4.7. Phenotypic Evaluation of Beta-Lactamase Production and Inducible Clindamycin Resistance

The zone-edge test was used to evaluate beta-lactamases production by isolates. Procedures were carried out as previously described [42]. Bacterial inoculum was plated on MHA, and penicillin-G disks (10 Units) were placed at the centre of each plate, and the plates were incubated as in AST described above. The zones of inhibition were observed and results were recorded as follows: Positive—zones with sharp edge; Negative—zones with fuzzy edge.

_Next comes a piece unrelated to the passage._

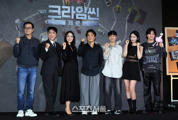 16일 서울 구로구 라마다서울신도림호텔에서 진행된 넷플릭스 예능 ‘크라임씬 제로’ 제작발표회에서 출연자들이 취재진을 향해 포즈를 취하고 있다. 왼쪽부터 영화 감독 장진, 개그맨 장동민, 방송인 박지윤, 윤현준 감독, 황슬우 감독, 아이브 안유진, 배우 김지훈.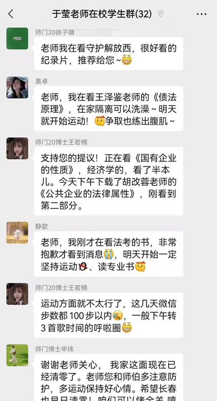 于莹老师也在这段特别的日子里,一直关心着师门同学的健康、心情和学习。在老师的带动下,每一个同学都在这段时期过得自律又充实。

The Double diffusion (D-test) was used to detect isolates with inducible clindamycin resistance, and procedures were done as described [55]. Bacterial inoculum was plated as in the disk diffusion method. Erythromycin (15 µg) and Clindamycin (2 µg) disks were placed edge-to-edge on the agar plate, at a distance of about 15 mm. The plates were incubated overnight; after that, they were observed for a flat zone of inhibition.

4.8. Statistical Analysis

Data was analysed by using the SPSS version 20 (SPSS, Chicago, USA) statistical package. Descriptive statistic was done for all variables, and the Chi square test was used to determine significant differences between categorical variables, while the Mann–Whitney U test was used to compare means at a 95% confidence level.

5. Conclusions

The ica and bap genes were detected in S. aureus isolated from milk. The presence of these genes in biofilm-producing isolates indicates their importance in biofilm formation in S. aureus. High resistance against ceftriaxone, vancomycin, and penicillin, as well as five different resistance genes, were detected among these isolates. The presence of potential biofilm-producing and antibiotic-resistant S. aureus in milk intended for human consumption may present with severe health challenges. Consequently, there is a need to enhance control measures, especially in the dairy sector, to curb the spread of pathogenic S. aureus and to limit the use of antibiotics.